Only two methods are possible with the cs geometry: conservative when using concat_mode=False (requires lon_b to have different shape from lon and lat_b from lat) or nearest_s2d when using concat_mode=True. Conservative regridding should be used if possible!
Notes
You can find more examples in the examples directory
Examples
>>> import cubedsphere as cs # import cubedsphere >>> outdir = "../run" # specify output directory >>> # open Dataset >>> ds_ascii, grid = cs.open_ascii_dataset(outdir_ascii, iters='all', prefix = ["T","U","V","W"]) >>> # regrid dataset >>> regrid = cs.Regridder(ds_ascii, grid) >>> ds_reg = regrid()
- Attributes
- regridder: list or xESMF regrid object
(contains) the initialized xESMF regridder
- grid: dict
output grid
- __init__(ds, cs_grid, input_type='cs', d_lon=5, d_lat=4, concat_mode=False, filename='weights', method='conservative', **kwargs)[source]
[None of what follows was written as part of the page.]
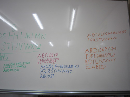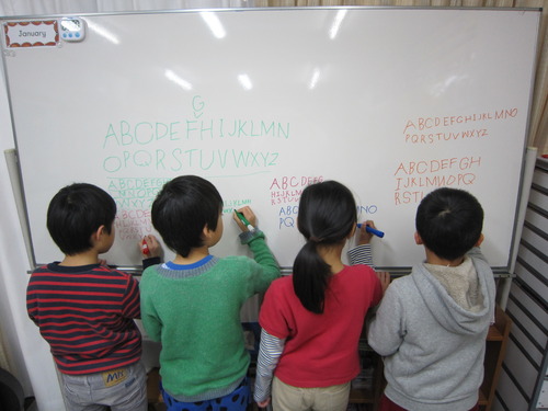 小学2年生クラスではこの一年、「英会話たいそう」とアルファベット大文字小文字

Build the regridder. This step will create the output grid and weight files which will then be used to regrid the dataset.
- Parameters
- ds: xarray DataSet
Dataset to be regridded. Dataset must contain input grid information.
- cs_grid: xarray DataSet
Dataset containing cubedsphere grid information. If input_type==”cs”: Input grid. Required! If input_type==”ll”: Output cs grid. Required!
- input_type: string
Needs to be “cs” or “ll”. Will result in an error if something else is used here. If “cs”: input=cs grid -> regrid to longitude lattitude (ll) If “ll”: input=ll grid -> regrid to cs grid
- d_lon: integer
Longitude step size, i.e. grid resolution. Only used if input_type==”cs”.
- d_lat: integer
Latitude step size, i.e. grid resolution. Only used if input_type==”cs”.
- concat_mode: boolean
use one regridding instance instead of one regridder for each face. Only used if input_type==”cs”.
- filename: string
filename for weights (weights will be name filename(+ _tile{i}).nc)
- method: string
Regridding method. See xe.Regridder for options.
- kwargs
Optional parameters that are passed to xe.Regridder (see xe.Regridder for options).
Create XGCM grids
- cubedsphere.init_grid_CS(ds=None, grid_dir=None, **kwargs)[source]
Init a xgcm grid for a cubedsphere dataset. Useful for raw datasets.
- Parameters
- grid_dir: string
direction where the grid can be found (optional)
- ds: xarray DataSet
dataset that contains the grid (optional)
- Returns
- grid: xgcm.grid
xgcm grid
- cubedsphere.init_grid_LL(ds=None, grid_dir=None, **kwargs)[source]
Init a xgcm grid for a latlon dataset. Useful for regridded datasets
- Parameters
- grid_dir: string
direction where the grid can be found (optional)
- ds: xarray DataSet
dataset that contains the grid (optional)
- Returns
- grid: xgcm.grid
xgcm grid
Plotting
- cubedsphere.plotCS(dr, ds, mask_size=None, **kwargs)[source]
A quick way to plot cubed-sphere data of resolution 6*N*N. Wrapping plotCS_quick_raw to work with xarray objects
- Parameters
- dr: xarray DataArray
The dimensions must be (y,x)
- ds: xarray DataSet (the parent DataSet of dr)
Must contain XC, YC as coordinate variables.
- mask_size: None or int
The overlap size of individual tiles. If None is chosen one might likely experience issues
- **kwargs
Other keyword arguments such as cmap will be passed to plotCS_quick_raw() and subsequently to plt.pcolormesh()
- Returns
- ph: list
List of mappabales